Well, ASDSee Pro is finally taking shape. It now has a respectable selection of image adjustment tools, conveniently arrayed in a left-hand side column/pane, in the Process mode. There are two other modes available: The Manage mode has a file browser column/pane on the left of a thumbnail image grid display, and an Organize/Properties column/pane on the right; and the View mode displays the selected image with a film strip thumbnail pane below. These modes imitate two of the modules from Adobe Photoshop Lightroom, splitting the functions of Lightroom's Library module into two separate modes - no doubt to avoid copywriter infringement issues.
Be warned, though, that ACDSee does not handle RAW images well, bogging down with every operation you try to apply. In fact, it cannot handle RAW XMP data at all. So, if you take pictures in RAW, ACDSee Pro is not for you. If you shoot JPEGs or TIFFs it will handle those respectably.

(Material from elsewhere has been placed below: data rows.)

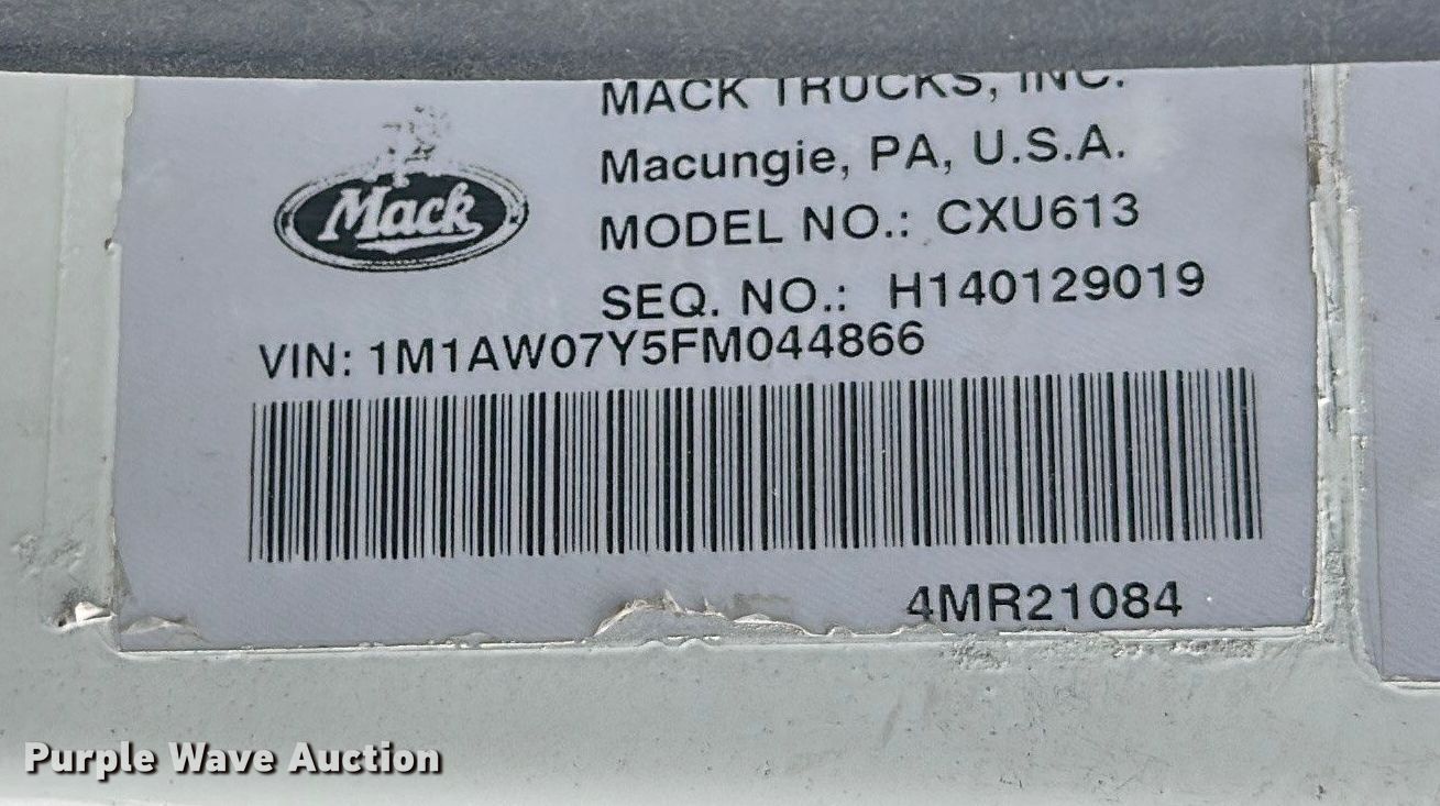Take a look at this used 2015 Mack CXU613 semi truck being sold on April 30th, 2026 in the Thursday April 30 Truck and Trailer Auction made by Mack. Take a look at all of the item information below or take a look at similar auctions for Trucks.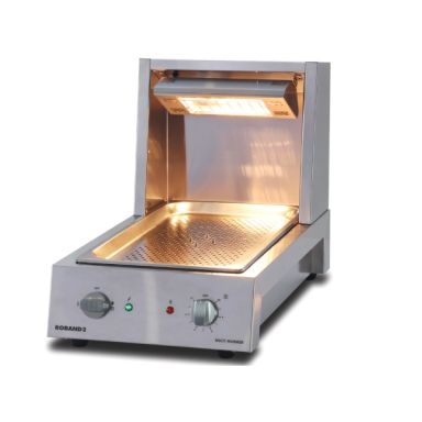 Enhance productivity and presentation by creating an area to hold, serve and display cooked chips with this portable multi-function Chip and Food Warmer.The MW10CS is supplied with a full size (65mm deep) gastronorm pan with a full size perforated and spiked pan (25mm deep) so that the unit can be used as a carving tray. The perforated and spiked tray secures the meat for easy carving, whilst the larger pan sitting underneath holds water to produce steam and keep the meat moist and collects any fat drippings. The heat lamp throws a warm yellow light over the meat to enhance presentation. The multi-function food and chip warmer is a compact bench-top warmer that can accommodate a range of accessories to suit the type of hot food being displayed. With heat source from above (quartz heat lamp) and from below (stainless steel elements), the unit attractively holds and displays hot food, ready for service.
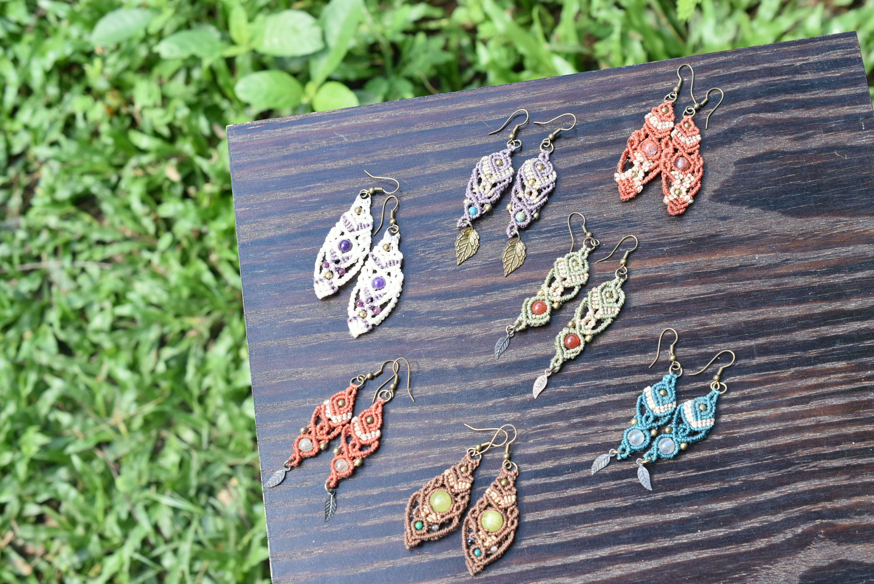 透き通るグリーンフローライトビーズを使用し、マクラメ編み装飾を施しました。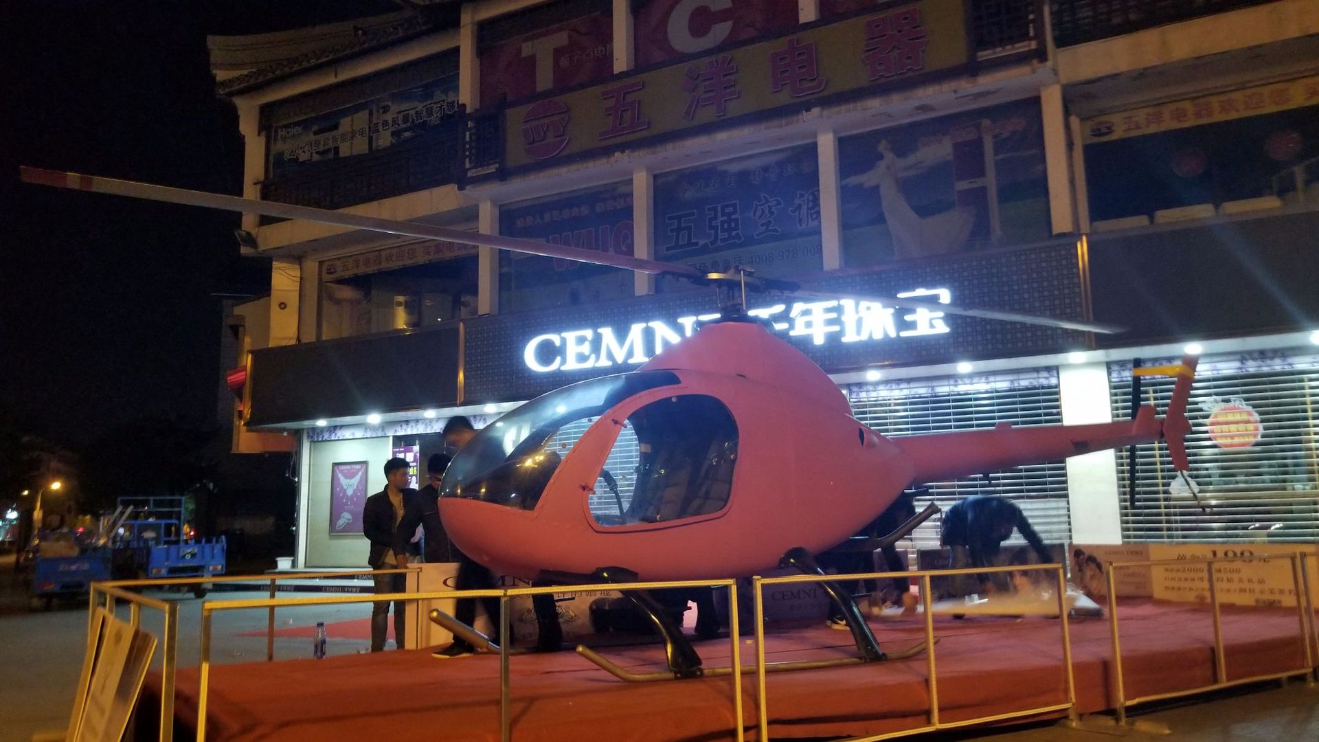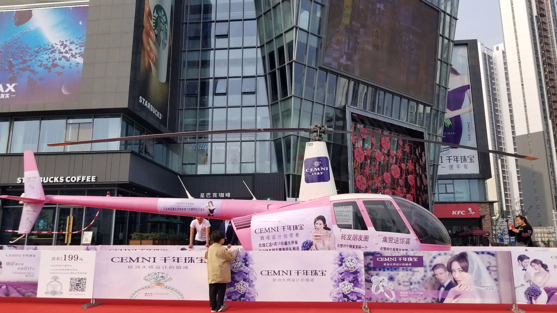 该店四周都是品牌店,双目直视便见星巴克咖啡,恰好一架飞机正好坐落在该店门前。直升机的两侧和机尾都帖上了CEMNI千年珠宝的策划广告,阳光和煦下一小男孩站在直升机前喃喃自语读着上面文字,他的身后有很多人在不断的拍照,该小孩称自己从未这么近距离见过直升机并且上面还有文字。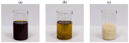 Photographs of the studied additives: (a) Wetfix BE, (b) Rediset LQ, and (c) Sasobit.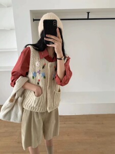韩系绣花无袖针织毛衣马甲开衫女秋季设计感小众内搭保暖洋气上衣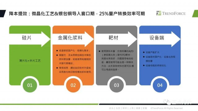 目前HJT技術(shù)降本增效的路徑還是比較確定的,硅片端主要是薄片化以及半片工藝的發(fā)展,金屬化漿料方面,包括低溫銀漿的國產(chǎn)化、規(guī)?;当?銀包銅、電鍍銅上降低銀漿的耗量,靶材價格以及用量的下降,還有設(shè)備國產(chǎn)化、規(guī)?;当镜确矫?。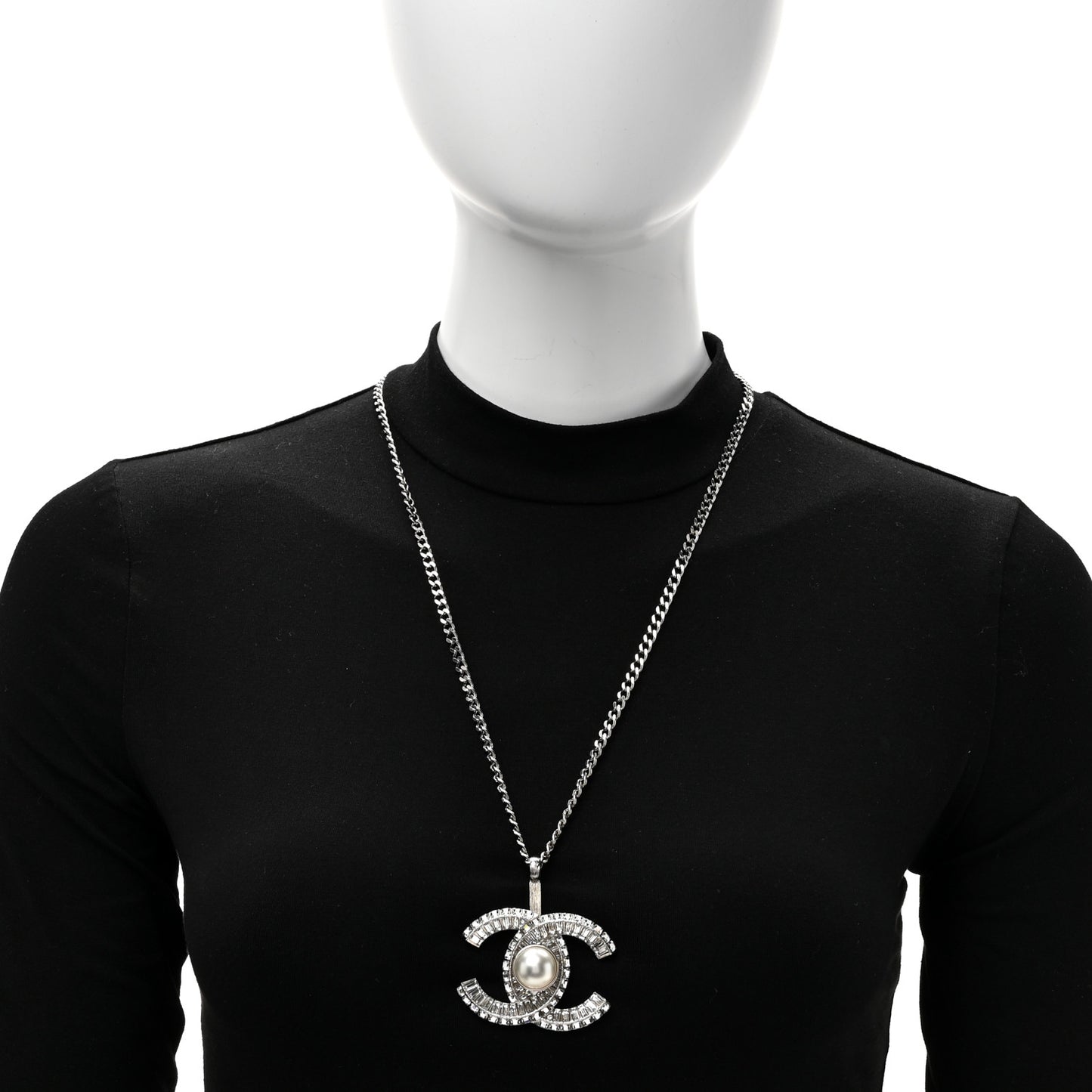 Chanel/ Jewelry/ Necklaces /Chanel Pearl Baguette Crystal Large CC Pendant Necklace Silver

ACDSee Pro has limited metadata editing capabilities, keeping track via a database rather than the image side-car (XMP) file that Lightroom and other RAW image processing apps use. As a result, as with Photoshop, editing is not lossless and you need to save a processed file as a copy if you don't want to overwrite the original when you save the file.
ACDSee does not compete directly with Graphic Converter, which has a different tool set entirely, more like Photoshop lite. Nor will it compete with Aperture or Lightroom since it cannot (at the moment at least) handle RAW files, even though it imitates their editing capabilities to some extent.
Unless RAW image handling capability is added, it's hard to see what niche ADCSee Pro intends to fill. Even iPhoto can handle RAW files - and it comes free with every new Mac. Of course ACDSee has the advantage, in my opinion, of not using a proprietary image catalogue, so that your files may be easily accessed with other applications. Like Graphic Converter and Adobe Bridge, it basically uses the Finder's file system to manage your photos.
Given that OS X has native support for the RAW format, it should not be too difficult to have ADCSee piggyback on that ability. Given the importance of the RAW image format to professional and serious amateur photographers, ACDSee will not deserve the Pro label until it can handle RAW. As it stands, it can be said that it has serious potential; it remains to be seen if that potential will be realized. And then, once it's out of beta, price will determine how widely it is adopted. Under $100, with support for RAW images, ACDSee will be an attractive option. It it costs much more than that, Adobe Lightroom or Apple Aperture will be the better choice.
ACDSee Pro can fill a useful place in the market in that it can edit images in the manner of Aperture, Lightroom and iPhoto but utilizes a Finder-like file management model like Graphic Converter and Bridge. As far as I know, no affordable program fills that niche, accept, perhaps, Photoshop Elements. Though Elements can handle RAW photos using the Adobe RAW plug-in, just as Photoshop does, workflow with the plug-in architecture is not as fluid as in Lightroom and Aperture. So ACDSee can be a unique and useful application - once it develops RAW file support.